- [What you will do]
Leaving out every picture, copy the lines of the material below exactly, from the line containing "This image depicts" through the line containing "The Vision Industries’".

- [Data extracts]

====

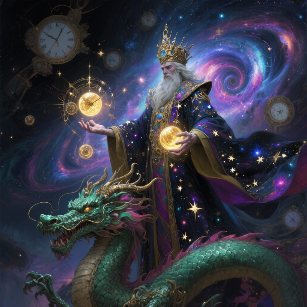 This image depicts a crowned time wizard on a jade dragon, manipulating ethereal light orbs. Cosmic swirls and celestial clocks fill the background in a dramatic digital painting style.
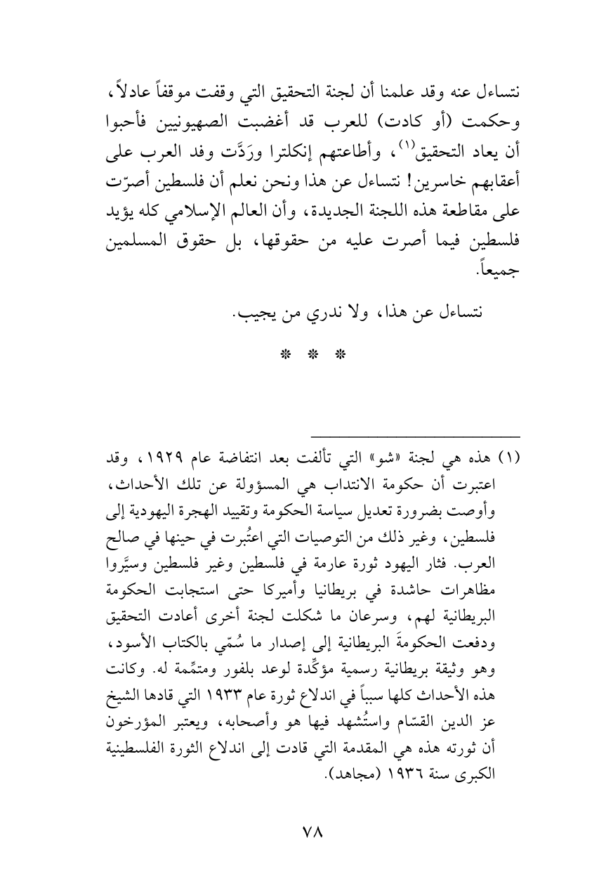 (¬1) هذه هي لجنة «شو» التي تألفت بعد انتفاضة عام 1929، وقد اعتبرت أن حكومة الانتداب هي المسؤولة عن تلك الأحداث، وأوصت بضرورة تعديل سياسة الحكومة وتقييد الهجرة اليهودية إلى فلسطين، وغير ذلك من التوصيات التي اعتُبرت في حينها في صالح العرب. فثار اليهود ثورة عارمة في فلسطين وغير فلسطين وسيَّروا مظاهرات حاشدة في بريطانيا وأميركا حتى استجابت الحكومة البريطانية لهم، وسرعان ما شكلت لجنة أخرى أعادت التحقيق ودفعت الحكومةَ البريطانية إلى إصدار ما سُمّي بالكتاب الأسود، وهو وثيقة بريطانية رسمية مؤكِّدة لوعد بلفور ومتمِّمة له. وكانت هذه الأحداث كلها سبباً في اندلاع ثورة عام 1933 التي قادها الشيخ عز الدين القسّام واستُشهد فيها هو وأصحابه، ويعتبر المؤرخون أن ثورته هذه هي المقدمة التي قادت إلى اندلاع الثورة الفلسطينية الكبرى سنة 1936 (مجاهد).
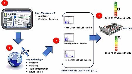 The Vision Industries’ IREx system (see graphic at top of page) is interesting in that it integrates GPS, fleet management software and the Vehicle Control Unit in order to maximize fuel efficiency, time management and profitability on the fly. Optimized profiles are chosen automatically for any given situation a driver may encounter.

====

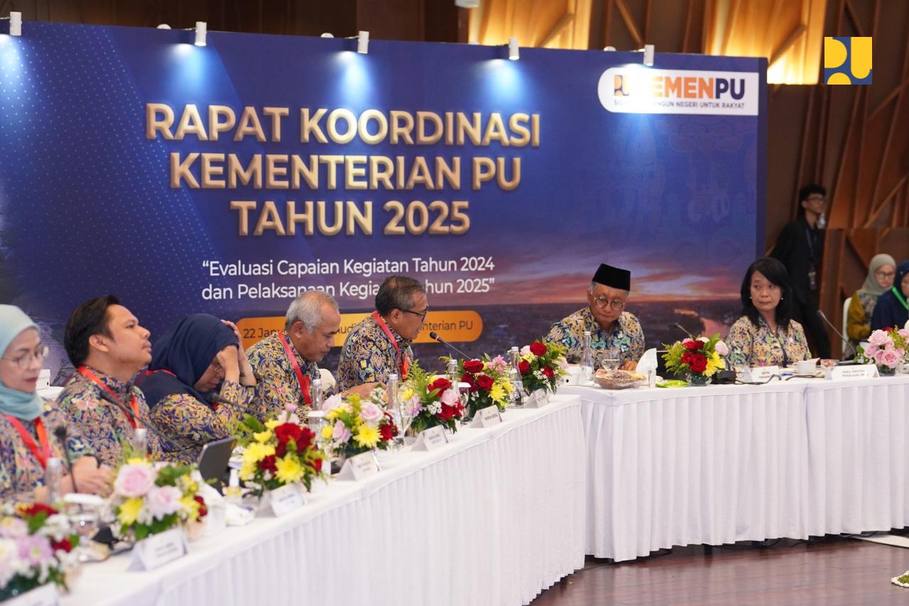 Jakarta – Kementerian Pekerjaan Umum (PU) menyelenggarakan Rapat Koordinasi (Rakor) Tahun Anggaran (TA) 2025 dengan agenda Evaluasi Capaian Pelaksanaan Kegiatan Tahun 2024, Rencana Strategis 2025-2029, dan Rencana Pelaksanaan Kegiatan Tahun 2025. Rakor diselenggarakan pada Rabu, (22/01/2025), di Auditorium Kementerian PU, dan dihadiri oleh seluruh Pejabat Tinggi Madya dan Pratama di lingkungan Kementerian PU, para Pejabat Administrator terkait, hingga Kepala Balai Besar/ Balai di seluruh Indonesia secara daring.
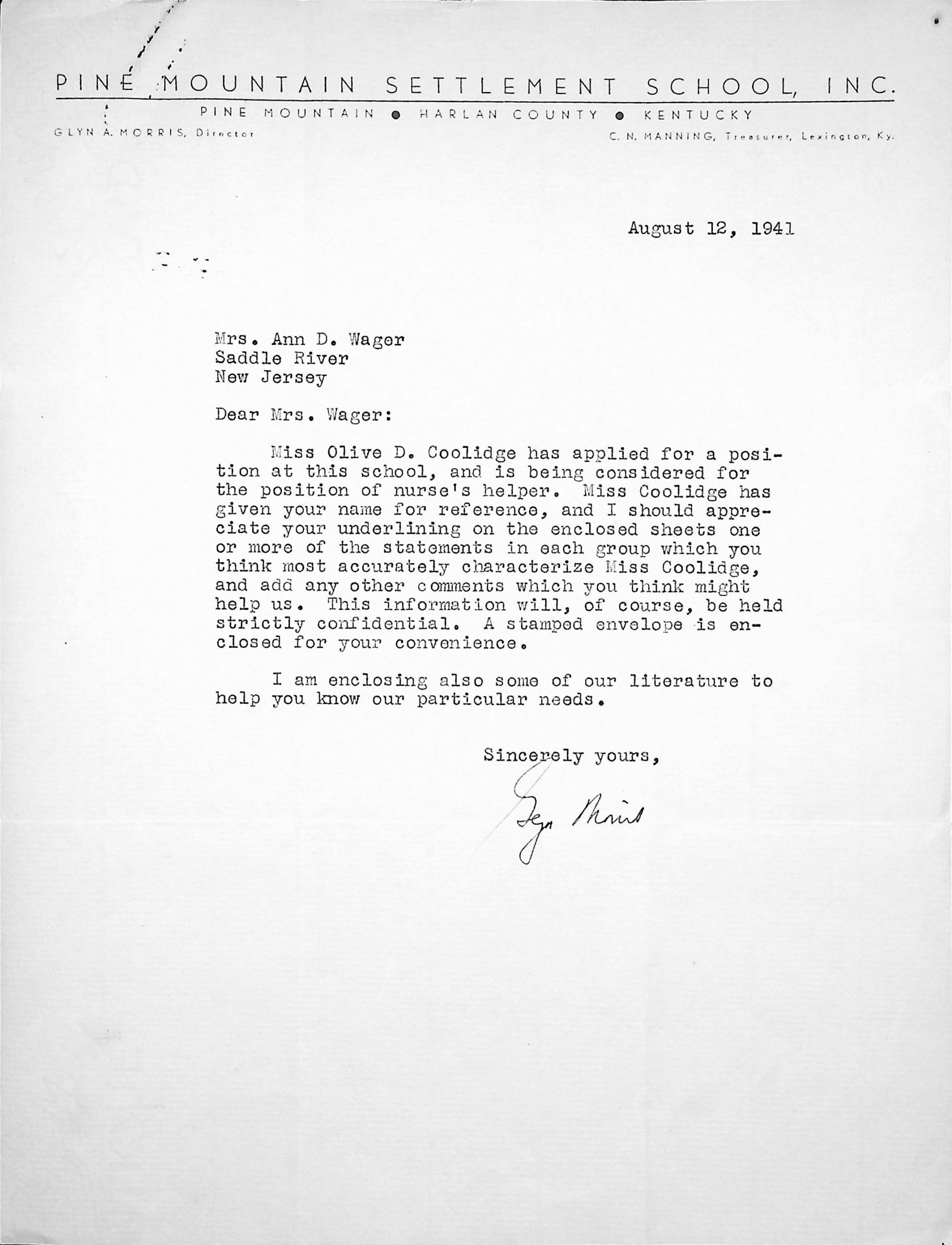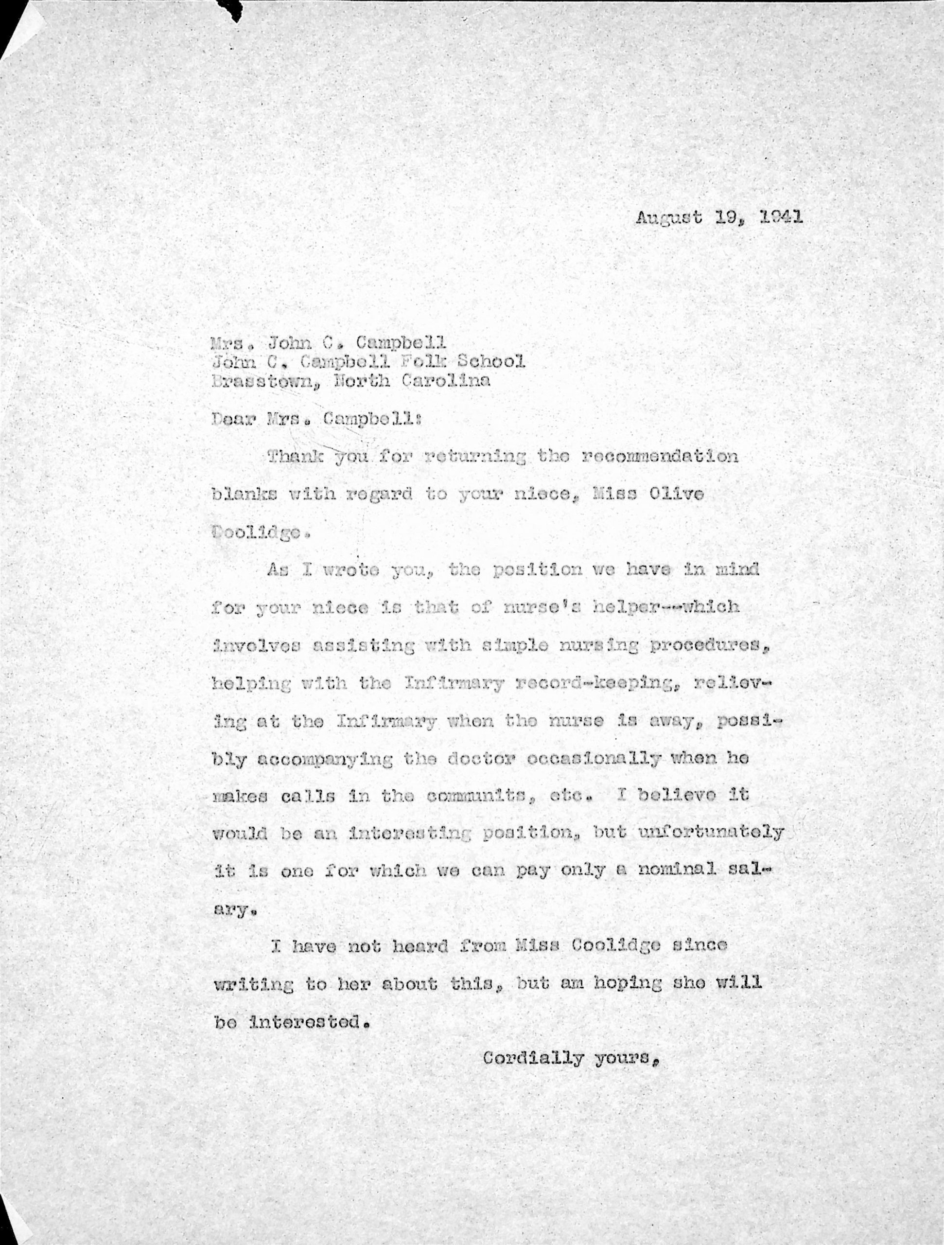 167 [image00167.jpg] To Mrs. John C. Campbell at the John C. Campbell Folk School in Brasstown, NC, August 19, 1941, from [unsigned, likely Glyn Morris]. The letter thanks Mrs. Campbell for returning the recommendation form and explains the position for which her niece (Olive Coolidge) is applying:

====

- [Response area]
 This image depicts a crowned time wizard on a jade dragon, manipulating ethereal light orbs. Cosmic swirls and celestial clocks fill the background in a dramatic digital painting style.
 (¬1) هذه هي لجنة «شو» التي تألفت بعد انتفاضة عام 1929، وقد اعتبرت أن حكومة الانتداب هي المسؤولة عن تلك الأحداث، وأوصت بضرورة تعديل سياسة الحكومة وتقييد الهجرة اليهودية إلى فلسطين، وغير ذلك من التوصيات التي اعتُبرت في حينها في صالح العرب. فثار اليهود ثورة عارمة في فلسطين وغير فلسطين وسيَّروا مظاهرات حاشدة في بريطانيا وأميركا حتى استجابت الحكومة البريطانية لهم، وسرعان ما شكلت لجنة أخرى أعادت التحقيق ودفعت الحكومةَ البريطانية إلى إصدار ما سُمّي بالكتاب الأسود، وهو وثيقة بريطانية رسمية مؤكِّدة لوعد بلفور ومتمِّمة له. وكانت هذه الأحداث كلها سبباً في اندلاع ثورة عام 1933 التي قادها الشيخ عز الدين القسّام واستُشهد فيها هو وأصحابه، ويعتبر المؤرخون أن ثورته هذه هي المقدمة التي قادت إلى اندلاع الثورة الفلسطينية الكبرى سنة 1936 (مجاهد).
 The Vision Industries’ IREx system (see graphic at top of page) is interesting in that it integrates GPS, fleet management software and the Vehicle Control Unit in order to maximize fuel efficiency, time management and profitability on the fly. Optimized profiles are chosen automatically for any given situation a driver may encounter.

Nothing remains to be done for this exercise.